The author in front of a construction site in Minakami
Copyright © Arne Bartzsch 2024

Minakami is located 175 km from central Tokyo in the north-western corner of the Kantō-region, in Gunma prefecture. Only tunnels for railways and highway, plus a single state road lead to Niigata on the other side of the 2000 m high mountain ridge. Widespread natural forests serve as the source of Japan’s longest river, the Tone. Several dams collect water for Tokyo and the Kantō area, and the whitewater rivers provide tourist attractions. In winter, clouds from Niigata leave behind vast amounts of snow. In 2017, the area was designated as the Minakami UNESCO Eco Park. And there are a large number of onsen. Onsen (hot springs) are plentiful in Japan. Many have been developed into resort-spots, attracting people for wellness and tourism or for business and work. Onsen-gai (-streets) or onsen-machi (-towns) have a typical structure, determined by specific architecture, infrastructure and social composition. Often situated in genuine natural environment and depending on a rather uniform economy (tourism, wellness), an onsen-gai or onsen-machi forms a characteristic urban space. Minakami Onsen is such an urban space.

The area surrounding the tourist hall (kankō kaikan) is one of the places to be redesigned.
Copyright © Arne Bartzsch 2024

The name Minakami Onsen originally has been a synonym for Yubara (“field of hot water”), the central district of old Minakami, before its merger with its former neighboring communities Niiharu and Tsukiyono in 2005. After the merger the name accentuated the old Minakami, in contrast to the enhanced town of new Minakami. However, present local planning and promotion seem to tend to the original use, and I am following here in accordance. While all parts of Minakami (new) have several onsen, Minakami Onsen (Yubara) has the most prominent onsen-gai. Here, the building density is comparatively high, with large-scale hotels, guesthouses, commercial facilities and residential houses.
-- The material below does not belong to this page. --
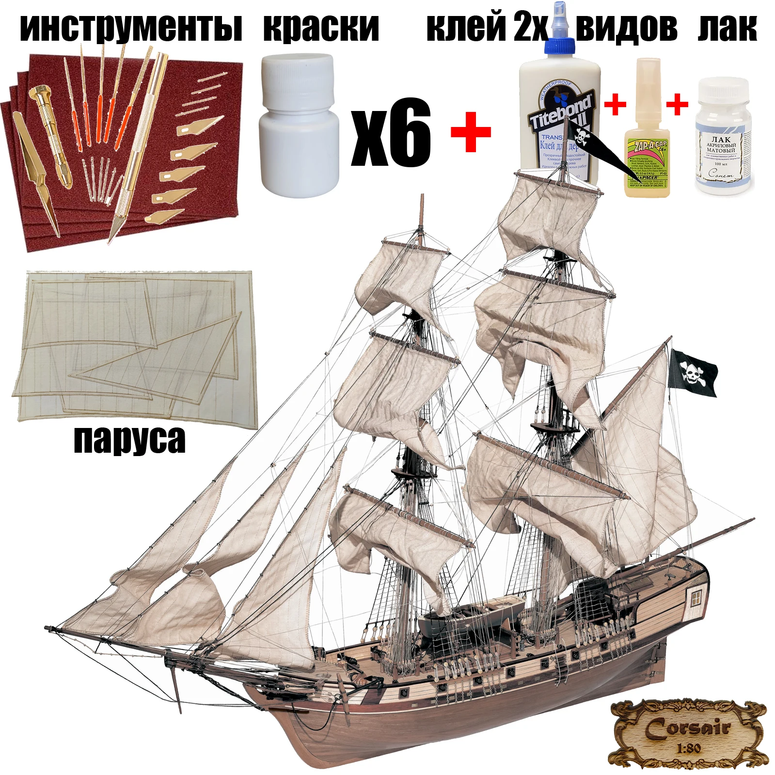 СОДЕРЖИМОЕ НАБОРА МОДЕЛИ КОРАБЛЯИз этого набора испанская фирмы OcCre вы построите копию пиратского корабля Corsair 18 века. Предварительно вырезанные деревянные детали обеспечивают хорошую стыковку, а двойная обшивка сделает корпус безупречным. Модель корабля для сборки имеет обширный набор мелких деталей содержит всё, что потребуется. Там вы найдете блоки и юферсы из самшита, латунные цепи, рымы и нагеля, металлическую шлюпку и 16 латунных пушек на металлических лафетах. Для такелажа даны нити четырех диаметров, готовые паруса, пиратские флаги. Завершает модель корабля деревянная подставка. Четкие чертежи и инструкция в фотографиях устранят все непонятности при сборке.2. Испанская фирма OcCre в комплекте даёт готовые паруса, но они плохого качества, которые портят весь вид хорошей модели. Это вынудило нас взяться за разработку технологии потокового изготовления парусов для моделей парусников. После различных экспериментов мы остановились на лазерной гравировке по ткани. Процесс оказался технологичный, результатом мы довольны, паруса получаются двухсторонние, очень реалистичные, а применение перкали (специальная промышленная ткань) сделало их масштабными. Паруса даны уже вырезанными, остается только пришить лик-трос и сделать петельки (кренгельсы) по углам. Расположение нитей на ткани параллельно швам между полотнищами. Полный комплект парусов для модели парусника Corsair включает в себя десять парусов.

The railway station and a touristic local shopping facility (michi no eki) are in close distance, and almost integrated parts. Contrasting the built environment, the Tone River cuts through a scenic gorge alongside Yubara, and steep slopes of forest rise on both sides.

This is another area in Minakami that will be redesigned.
Copyright © Arne Bartzsch 2024

These favorable settings of abundant nature and numerous onsen, plus easy accessibility from Tokyo via rapid train, brought Minakami Onsen a certain prosperity since the 1960s. Direct connections via Shinkansen and highway contributed to this in the 1980s. However, by the turn of the century the “golden years” had ended (as for Japan in general), and a steady economic decline began. Fewer tourists came and a good number of hotels, ryokan, and guesthouses were forced to downsize or close. Other touristic facilities, like souvenir shops, restaurants or bars, were affected as well. The number of closed or abandoned facilities in Minakami Onsen became significant, producing the atmosphere of a “ghost town,” which again reduced the town’s attractiveness. The result was a vicious circle that led to economic decline and a shrinking population.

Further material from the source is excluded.